The good news is that so far our math agrees.
Here’s what we get when we graph each version of the guess. The red dots are outliers, i.e. guesses that fit outside the middle 75% of all guesses.
gideon_woc %>% dplyr::filter(type != "Combined: All Groups") %>% ggplot(aes(x=type,y=value)) + geom_boxplot(outlier.color = "red") + theme(axis.text.x = element_text(angle=90))
Outliers
One thing that astounds me is the total number of such outliers, as you can see in this table. A lot of people thought the jar contained many multiples more objects than it actually did.
gideon_woc %>%
group_by(type) %>%
summarise(min = min(value), max = max(value), mean = mean(value), median = median(value)) %>% knitr::kable(caption = "Summary after removing outliers")

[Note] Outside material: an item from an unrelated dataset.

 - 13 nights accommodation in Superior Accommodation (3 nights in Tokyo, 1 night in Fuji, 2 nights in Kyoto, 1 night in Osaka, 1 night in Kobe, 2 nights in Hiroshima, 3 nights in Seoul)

type | min | max | mean | median |
---|---|---|---|---|
Combined: All Groups | 42 | 3600 | 513.5567 | 402.00 |
GR Group 1 Guesses | 96 | 2400 | 502.1863 | 400.00 |
GR Group 2 Guesses | 98 | 2584 | 520.3391 | 420.00 |
GR Group 3 Guesses | 42 | 2700 | 525.4684 | 423.00 |
GR Group 4 Guesses | 42 | 2073 | 528.1578 | 424.50 |
GR Group 5 Guesses | 98 | 2880 | 493.3125 | 399.75 |
Shared Group 1 Guesses | 50 | 2012 | 457.8618 | 333.00 |
Shared Group 2 Guesses | 120 | 1598 | 485.4426 | 386.00 |
Shared Group 3 Guesses | 58 | 3600 | 514.0122 | 347.50 |
Shared Group 4 Guesses | 120 | 1080 | 497.4000 | 418.50 |
Shared Group 5 Guesses | 85 | 380 | 220.6667 | 175.00 |
Now let’s remove those outliers and see what we get.
outlier <- function(x) {
b <- boxplot.stats(x)
b$out}
outliers <- gideon_woc %>% dplyr::filter(type != "Combined: All Groups") %>% group_by(type) %>% pull(value) %>% outlier()

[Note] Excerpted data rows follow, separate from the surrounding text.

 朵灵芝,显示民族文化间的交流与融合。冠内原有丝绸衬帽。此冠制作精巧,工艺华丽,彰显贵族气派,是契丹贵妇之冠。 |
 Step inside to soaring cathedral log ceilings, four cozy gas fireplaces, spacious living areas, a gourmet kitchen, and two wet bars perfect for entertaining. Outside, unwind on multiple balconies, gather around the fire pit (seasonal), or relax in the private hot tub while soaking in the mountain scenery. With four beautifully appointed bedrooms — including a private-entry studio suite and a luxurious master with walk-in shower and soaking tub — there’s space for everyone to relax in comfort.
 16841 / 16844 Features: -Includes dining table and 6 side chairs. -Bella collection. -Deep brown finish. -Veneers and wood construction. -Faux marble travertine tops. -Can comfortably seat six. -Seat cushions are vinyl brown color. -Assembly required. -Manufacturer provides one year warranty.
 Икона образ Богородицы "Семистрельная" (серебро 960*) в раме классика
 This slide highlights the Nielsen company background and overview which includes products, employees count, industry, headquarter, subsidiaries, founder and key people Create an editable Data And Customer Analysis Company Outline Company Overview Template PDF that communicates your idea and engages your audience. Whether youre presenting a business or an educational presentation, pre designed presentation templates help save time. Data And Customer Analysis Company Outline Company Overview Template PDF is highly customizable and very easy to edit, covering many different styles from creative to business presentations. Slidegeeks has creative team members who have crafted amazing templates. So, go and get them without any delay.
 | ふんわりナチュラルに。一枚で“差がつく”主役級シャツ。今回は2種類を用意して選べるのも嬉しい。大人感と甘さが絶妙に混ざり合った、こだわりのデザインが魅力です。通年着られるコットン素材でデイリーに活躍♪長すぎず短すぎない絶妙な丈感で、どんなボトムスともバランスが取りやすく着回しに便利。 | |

gideon_woc %>% dplyr::filter(!(value %in% outliers)) %>%
group_by(type) %>%
summarise(min = min(value), max = max(value), mean = mean(value), median = median(value)) %>% knitr::kable()

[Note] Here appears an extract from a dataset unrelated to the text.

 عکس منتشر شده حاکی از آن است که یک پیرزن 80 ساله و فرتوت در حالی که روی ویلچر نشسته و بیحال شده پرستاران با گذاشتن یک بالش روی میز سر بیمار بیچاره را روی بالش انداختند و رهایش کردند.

type | min | max | mean | median |
---|---|---|---|---|
Combined: All Groups | 42 | 1178 | 447.7969 | 390.0 |
GR Group 1 Guesses | 96 | 1178 | 444.6712 | 396.0 |
GR Group 2 Guesses | 98 | 1162 | 463.8041 | 400.0 |
GR Group 3 Guesses | 42 | 1150 | 448.2045 | 400.0 |
GR Group 4 Guesses | 42 | 1178 | 461.5106 | 401.0 |
GR Group 5 Guesses | 98 | 1080 | 420.8006 | 374.0 |
Shared Group 1 Guesses | 50 | 1099 | 396.1875 | 326.5 |
Shared Group 2 Guesses | 120 | 1050 | 433.1552 | 384.0 |
Shared Group 3 Guesses | 58 | 1100 | 422.3553 | 325.0 |
Shared Group 4 Guesses | 120 | 1080 | 497.4000 | 418.5 |
Shared Group 5 Guesses | 85 | 380 | 220.6667 | 175.0 |
gideon_woc %>% dplyr::filter(!(value %in% outliers)) %>%
ggplot(aes(x=type,y=value)) + geom_boxplot(outlier.color = "red") + theme(axis.text.x = element_text(angle=90))
Gideon’s post asks a bunch of questions for statistics experts, hoping to understand just how significant the results were. Unfortunately that’s all the time I have for today. Hopefully I can revisit this post to learn some other interesting insights.